Source data:
BEGIN

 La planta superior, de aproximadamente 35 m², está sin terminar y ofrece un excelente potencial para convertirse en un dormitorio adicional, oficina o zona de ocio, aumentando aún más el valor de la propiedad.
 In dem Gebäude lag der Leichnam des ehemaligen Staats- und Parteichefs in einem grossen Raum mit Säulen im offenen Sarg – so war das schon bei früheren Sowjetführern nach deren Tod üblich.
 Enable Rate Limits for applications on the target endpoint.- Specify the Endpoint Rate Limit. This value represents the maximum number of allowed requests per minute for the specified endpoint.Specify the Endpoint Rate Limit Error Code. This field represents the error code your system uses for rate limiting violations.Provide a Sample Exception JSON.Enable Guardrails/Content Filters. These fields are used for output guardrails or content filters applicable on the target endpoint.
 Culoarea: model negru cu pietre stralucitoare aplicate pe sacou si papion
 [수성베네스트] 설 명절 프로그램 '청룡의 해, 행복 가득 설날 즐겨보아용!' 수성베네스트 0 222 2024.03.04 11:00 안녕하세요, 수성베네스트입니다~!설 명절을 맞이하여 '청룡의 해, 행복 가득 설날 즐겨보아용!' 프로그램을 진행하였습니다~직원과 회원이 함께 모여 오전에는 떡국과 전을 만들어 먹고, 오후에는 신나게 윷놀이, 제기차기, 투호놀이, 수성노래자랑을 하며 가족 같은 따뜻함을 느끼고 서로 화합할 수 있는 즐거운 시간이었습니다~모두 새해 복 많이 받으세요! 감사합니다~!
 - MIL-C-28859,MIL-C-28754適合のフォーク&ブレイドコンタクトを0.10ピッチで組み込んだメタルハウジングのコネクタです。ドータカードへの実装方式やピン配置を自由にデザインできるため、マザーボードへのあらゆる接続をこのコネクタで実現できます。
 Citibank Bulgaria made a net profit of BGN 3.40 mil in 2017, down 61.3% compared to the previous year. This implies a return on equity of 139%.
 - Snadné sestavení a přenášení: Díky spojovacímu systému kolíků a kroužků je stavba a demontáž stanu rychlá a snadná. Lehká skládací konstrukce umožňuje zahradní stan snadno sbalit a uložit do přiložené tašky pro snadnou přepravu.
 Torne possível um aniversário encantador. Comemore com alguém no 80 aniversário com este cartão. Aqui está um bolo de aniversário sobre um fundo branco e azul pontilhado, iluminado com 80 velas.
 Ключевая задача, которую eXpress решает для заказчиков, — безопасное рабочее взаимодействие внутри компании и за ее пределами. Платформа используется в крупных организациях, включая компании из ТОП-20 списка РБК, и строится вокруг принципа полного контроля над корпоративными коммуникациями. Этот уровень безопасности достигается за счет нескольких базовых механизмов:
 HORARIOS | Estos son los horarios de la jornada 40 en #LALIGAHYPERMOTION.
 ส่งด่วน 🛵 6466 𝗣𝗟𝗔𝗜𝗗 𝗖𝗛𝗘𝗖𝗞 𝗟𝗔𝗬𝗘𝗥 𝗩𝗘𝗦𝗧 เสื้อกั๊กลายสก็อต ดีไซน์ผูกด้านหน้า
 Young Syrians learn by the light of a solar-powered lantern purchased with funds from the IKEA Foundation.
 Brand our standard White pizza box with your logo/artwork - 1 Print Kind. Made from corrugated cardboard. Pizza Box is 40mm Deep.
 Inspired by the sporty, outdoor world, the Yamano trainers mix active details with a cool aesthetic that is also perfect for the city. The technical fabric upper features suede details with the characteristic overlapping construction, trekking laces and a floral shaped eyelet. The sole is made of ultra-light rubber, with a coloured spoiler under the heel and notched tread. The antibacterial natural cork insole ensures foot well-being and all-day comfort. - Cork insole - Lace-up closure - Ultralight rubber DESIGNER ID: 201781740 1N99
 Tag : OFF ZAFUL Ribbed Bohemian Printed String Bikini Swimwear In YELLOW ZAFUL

END

(WORK INSTRUCTION): Repeat every record, keeping each word and mark exactly as it is.

(TASK SOLUTION):
 La planta superior, de aproximadamente 35 m², está sin terminar y ofrece un excelente potencial para convertirse en un dormitorio adicional, oficina o zona de ocio, aumentando aún más el valor de la propiedad.
 In dem Gebäude lag der Leichnam des ehemaligen Staats- und Parteichefs in einem grossen Raum mit Säulen im offenen Sarg – so war das schon bei früheren Sowjetführern nach deren Tod üblich.
 Enable Rate Limits for applications on the target endpoint.- Specify the Endpoint Rate Limit. This value represents the maximum number of allowed requests per minute for the specified endpoint.Specify the Endpoint Rate Limit Error Code. This field represents the error code your system uses for rate limiting violations.Provide a Sample Exception JSON.Enable Guardrails/Content Filters. These fields are used for output guardrails or content filters applicable on the target endpoint.
 Culoarea: model negru cu pietre stralucitoare aplicate pe sacou si papion
 [수성베네스트] 설 명절 프로그램 '청룡의 해, 행복 가득 설날 즐겨보아용!' 수성베네스트 0 222 2024.03.04 11:00 안녕하세요, 수성베네스트입니다~!설 명절을 맞이하여 '청룡의 해, 행복 가득 설날 즐겨보아용!' 프로그램을 진행하였습니다~직원과 회원이 함께 모여 오전에는 떡국과 전을 만들어 먹고, 오후에는 신나게 윷놀이, 제기차기, 투호놀이, 수성노래자랑을 하며 가족 같은 따뜻함을 느끼고 서로 화합할 수 있는 즐거운 시간이었습니다~모두 새해 복 많이 받으세요! 감사합니다~!
 - MIL-C-28859,MIL-C-28754適合のフォーク&ブレイドコンタクトを0.10ピッチで組み込んだメタルハウジングのコネクタです。ドータカードへの実装方式やピン配置を自由にデザインできるため、マザーボードへのあらゆる接続をこのコネクタで実現できます。
 Citibank Bulgaria made a net profit of BGN 3.40 mil in 2017, down 61.3% compared to the previous year. This implies a return on equity of 139%.
 - Snadné sestavení a přenášení: Díky spojovacímu systému kolíků a kroužků je stavba a demontáž stanu rychlá a snadná. Lehká skládací konstrukce umožňuje zahradní stan snadno sbalit a uložit do přiložené tašky pro snadnou přepravu.
 Torne possível um aniversário encantador. Comemore com alguém no 80 aniversário com este cartão. Aqui está um bolo de aniversário sobre um fundo branco e azul pontilhado, iluminado com 80 velas.
 Ключевая задача, которую eXpress решает для заказчиков, — безопасное рабочее взаимодействие внутри компании и за ее пределами. Платформа используется в крупных организациях, включая компании из ТОП-20 списка РБК, и строится вокруг принципа полного контроля над корпоративными коммуникациями. Этот уровень безопасности достигается за счет нескольких базовых механизмов:
 HORARIOS | Estos son los horarios de la jornada 40 en #LALIGAHYPERMOTION.
 ส่งด่วน 🛵 6466 𝗣𝗟𝗔𝗜𝗗 𝗖𝗛𝗘𝗖𝗞 𝗟𝗔𝗬𝗘𝗥 𝗩𝗘𝗦𝗧 เสื้อกั๊กลายสก็อต ดีไซน์ผูกด้านหน้า
 Young Syrians learn by the light of a solar-powered lantern purchased with funds from the IKEA Foundation.
 Brand our standard White pizza box with your logo/artwork - 1 Print Kind. Made from corrugated cardboard. Pizza Box is 40mm Deep.
 Inspired by the sporty, outdoor world, the Yamano trainers mix active details with a cool aesthetic that is also perfect for the city. The technical fabric upper features suede details with the characteristic overlapping construction, trekking laces and a floral shaped eyelet. The sole is made of ultra-light rubber, with a coloured spoiler under the heel and notched tread. The antibacterial natural cork insole ensures foot well-being and all-day comfort. - Cork insole - Lace-up closure - Ultralight rubber DESIGNER ID: 201781740 1N99
 Tag : OFF ZAFUL Ribbed Bohemian Printed String Bikini Swimwear In YELLOW ZAFUL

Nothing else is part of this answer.